Ровно через три месяца после открытия мастерской, Тимосфен принял приглашение своего приемного сына по– сетить ее. Если учесть, что он никогда не захаживал даже в свои собственные мастерские, то этот его шаг был лучшим свидетельством той любви, что он питал к юноше. В сущности, он согласился с явной неохотой, опасаясь обвинений в меркантильности, однако к этому времени все Афины знали – или, по крайней мере, полагали, – что он ни обола не вложил в это предприятие. Ибо Алкивиад не постеснялся пустить слух, что те два таланта, понадобившиеся для основания этой новой прекрасной эргастерии, Аристон получил непосредственно от него. И когда взбешенный юноша бросился за разъяснениями к Орхомену, он обнаружил, что племянник Перикла ничуть не солгал.
– Ну и где же еще, по-твоему, я мог раздобыть целых два таланта за такое короткое время, калон? – спокойно осведомился Орхомен.
– Они должны были быть у тебя самого! – бушевал Аристон. – Судя по тому, сколько ты уже заработал, не говоря уж о том, сколько ты сверх того украл, у тебя должно быть не менее десяти талантов. Почему…
– Потому что я по уши в долгах, – ухмыльнулся Орхомен. – Видишь ли, мой прекрасный юноша, чтобы разбогатеть, человек должен обладать двумя качествами: умением зарабатывать деньги и умением сохранять их. Я доказал, что первое из них у меня есть. Но что касается второго… Клянусь Аидом, мой мальчик! В умении находить самых жадных девок…

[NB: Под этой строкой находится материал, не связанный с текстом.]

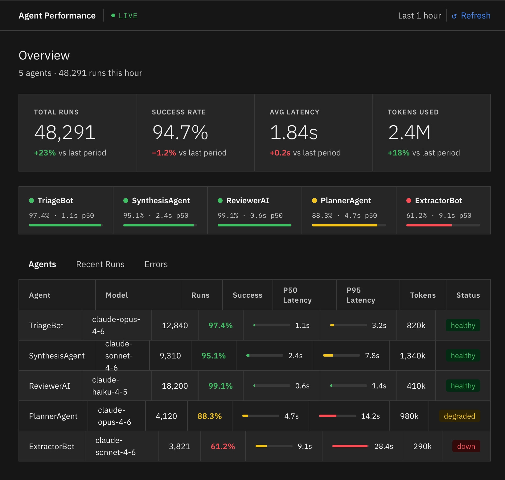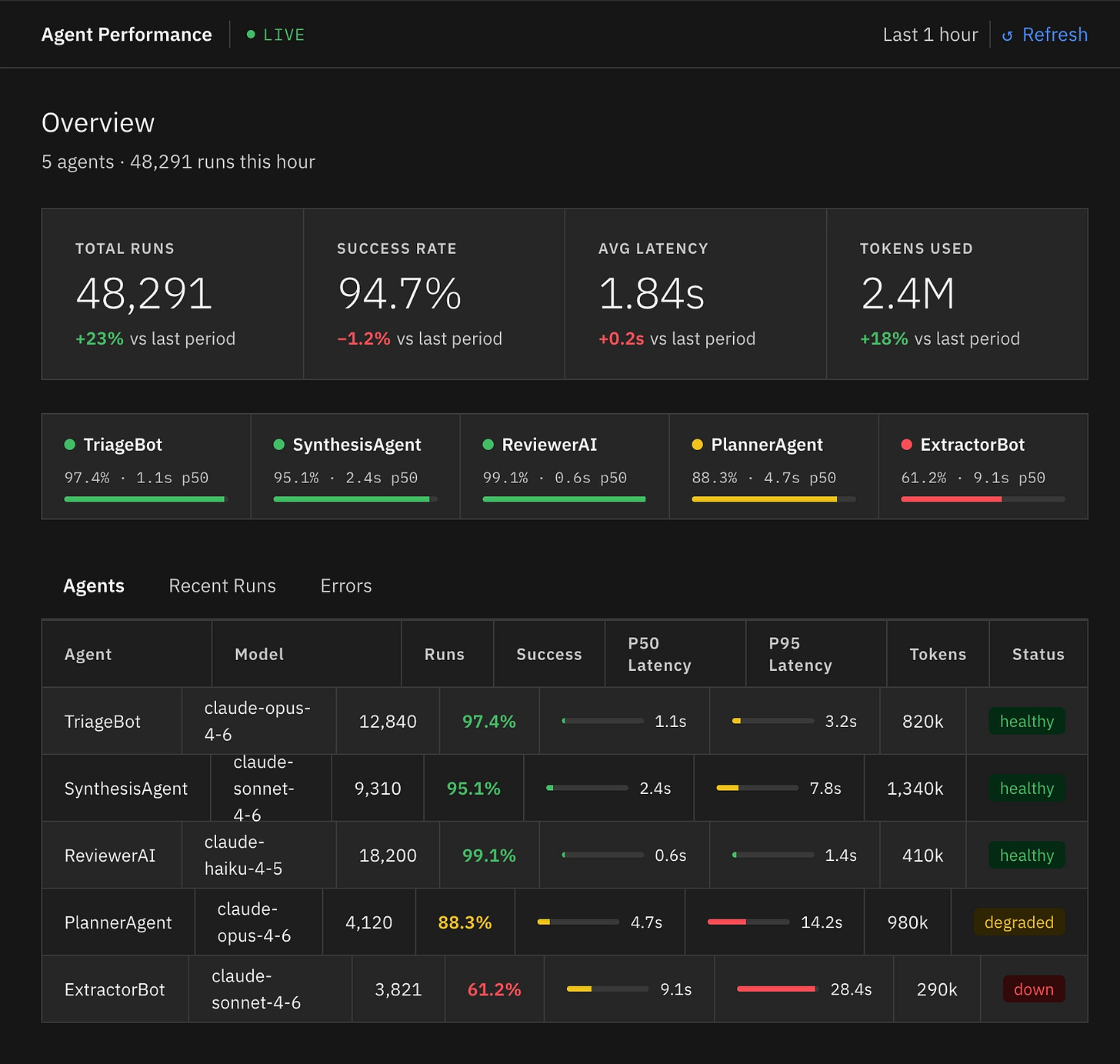 Visually, the output looks almost identical, but the code is now using our real components. You’ll noticed the difference in the table formatting, the tabs, and the cards.

– И мальчиков! – фыркнул Аристон.
– Да, и мальчиков, мой милый святоша. А что в этом плохого? Как говаривал твой дядя Ипполит, они, по крайней мере, никогда не заявляются с раздувшимся животом, чтобы наградить тебя урожаем, чьи семена были посеяны кем-то другим. Так о чем бишь я? Ах да, так вот, в умении находить самых жадных девок, самых привередливых маленьких педерастов и самых тихоходных лошадей мне нет равных. Все сводится к элементарному сложению и вычитанию. Да, я зарабатываю много денег, но при этом я трачу вдвое больше.
– Тебе следовало бы сидеть дома с Таргелией! – заявил Аристон.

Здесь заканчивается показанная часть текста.